Obviously, numerous modifications and variations of the present invention are possible in light of the above teachings. It is therefore to be understood that within the scope of the appended claims, the present invention may be practiced otherwise than as specifically described herein.

Claims

1. A method of dressing an electroplated grinding wheel having a circular core and a single layer of hard abrasive grains held on the peripheral surface of said core by a plating layer, said method comprising steps of:

rotating said grinding wheel about a first axis in a direction;

rotating a circular role made of ceramics about a second axis at a predetermined speed in a direction opposite to the rotational direction of said grinding wheel so that the difference in surface speed between said role and said grinding wheel becomes substantially zero at a location at which said role contact with said grinding wheel, said first axis and second axis being in a common plane; and

effecting relative infeed movement between said role and said grinding wheel in a radial direction of said grinding wheel so that said role is relatively fed toward the peripheral surface of said grinding wheel by a predetermined infeed amount from a radial position corresponding to the radial position of the peripheral surface of said grinding wheel, said infeed amount being larger than half of the size difference in diameter between the upper grain size and the lower grain size of the abrasive grains.

2. A method for dressing an electroplated grinding wheel according to claim 1, wherein the infeed amount is in a range of a first amount corresponding to the half of the size difference in diameter between the upper grain size and lower grain size of said abrasive grains, and a second amount corresponding to the size difference.

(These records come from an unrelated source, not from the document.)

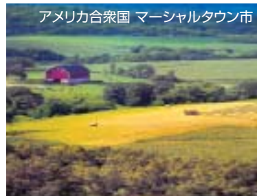
アメリカ合衆国 マーシャルタウン市

マーシャルタウン市と州都デイトンをはさみ反対側に位置する、人口5000人の静かな市。旧白根町と平成11年から交流があり、平成15年11月訪問した際、調印。
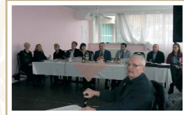
День Адвокатури Day of the Bar
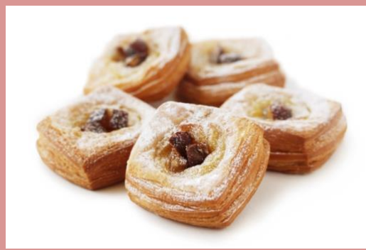
【9月限定】プチマロン (303 円)

サクサクしていてほんのり甘い 小さなクロワッサン。 ミニワン定番の人気商品です。
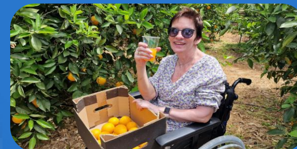
Orka og vælvera

3. A method of dressing an electroplated grinding wheel having a circular core and a single layer of hard abrasive grains held on the peripheral surface of said core by a plating layer, said method comprising steps of:

rotating said grinding wheel about a first axis in a direction;

rotating a circular role made of hard material about a second axis at a predetermined speed in a direction opposite to the rotational direction of said grinding wheel so that the difference in surface speed between said role and said grinding wheel becomes zero at a location at which said role contact with said grinding wheel, said first axis and second axis being in a common plane; and

effecting relative infeed movement between said role and said grinding wheel in a radial direction of said grinding wheel so that said role is relatively fed toward the peripheral surface of said grinding wheel by a predetermined infeed amount from a radial position corresponding to the radial position of the peripheral surface of said grinding wheel.

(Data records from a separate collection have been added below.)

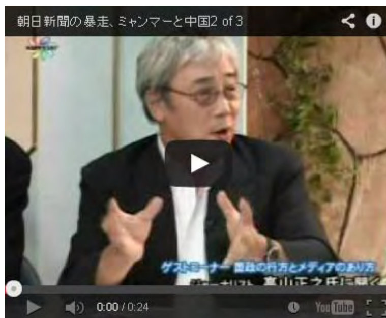
朝日新聞の暴走、 ミャンマーと中国 2 of 3 (5分くらいからご覧下さい)

・これでビルマはイギリスの植民地支配に苦しんだのです。しかるにスーチー女史とは何者か？ビルマに住んだのは八ヶ月に過ぎない。全て イギリス に住み、 イギリス 人の亭主を持ち、 イギリス に子供を置き、 イギリス に家を持っている。キム・ユン第一書記は私にこういった。我々5500万のミャンマーの国民は、この大地で生まれこの大地で死ぬ。しかしアウンサン・スーチーは イギリス に家を持ち、ミャンマーの大地では死なない。
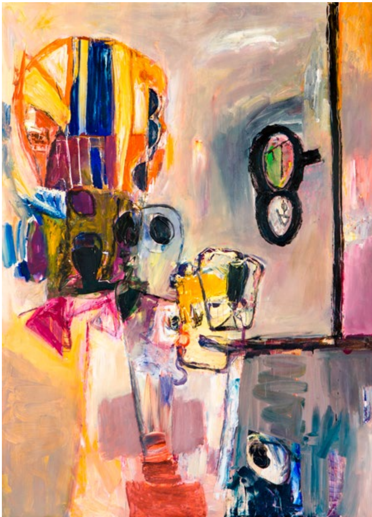
Óleo sobre lienzo 162 x 130 cm
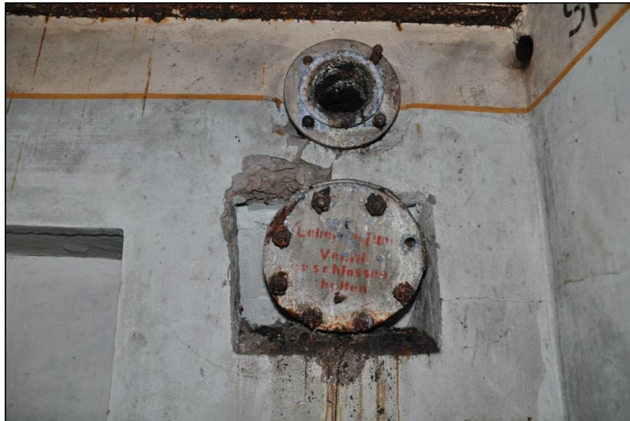
Fig. 13 Precies in de hoek zit de spreekbuis. Onderaan staat op de afsluitkap de dringende boodschap het (overdruk)ventiel niet te openen. Dat ventiel was erboven aangebracht, maar is in dit geval verdwenen.

De zuidoosthoek van de bunker is blokvormig uitgebouwd om er een vereenvoudigde 16 zgn. Tobruk, een Offener Beobachter (open observatiepost) in onder te brengen, enkel bestaande uit een toegangstrap en een schutterspost (fig. 14). Deze observatie- en mitrailleurpost is bereikbaar via een afzonderlijke, opwaartse, geknikte trap. De deuropening meet 0,6 op 1,8 m. De achzijdige constructie lijkt op een bokaal, is binnenwerks 1,4 m breed en bovenaan cirkelvormig ( Ringstand ) afgesloten. De diameter bedraagt binnenwerks 0,75 m. In de opening is een uitspringende richel voorzien, waarin de ronddraaiende stoel voor een machinegeweer kon functioneren. De beschikbare hoogte komt op 1,6 m. Qua afmetingen komt dit overeen met de Bauform Type 58c 17 . Op de oostzijde vertrok vanuit een muurkast een metalen spreekbuis naar het manschapsverblijf. Er is ook een verluchttingsbuis te zien. Het is onduidelijk waar deze uitgeeft.

4. A method of dressing an electroplated grinding wheel having a circular core and a single layer of hard abrasive grains held on the peripheral surface of said core by a plating layer, said method comprising steps of:

rotating said grinding wheel about a first axis in a direction;

rotating a circular role made of hard material about a second axis at a predetermined speed in a direction opposite to the rotational direction of said grinding wheel so that the difference in surface speed between said role and said grinding wheel becomes substantially zero at a location at which said role contact with said grinding wheel, said first axis and second axis being in a common plane; and

effecting relative infeed movement between said role and said grinding wheel in a radial direction of said grinding wheel so that said role is relatively fed toward the peripheral surface of said grinding wheel by a predetermined infeed amount from a radial position corresponding to the radial position of the peripheral surface of said grinding wheel, said infeed amount being larger than half of the size difference in diameter between the upper grain size and the lower grain size of the abrasive grains.

5. A method for dressing an electroplated grinding wheel according to claim 4, wherein the infeed amount is in a range of a first amount corresponding to the half of the size difference in diameter between the upper grain size and lower grain size of said abrasive grains, and a second amount corresponding to the size difference.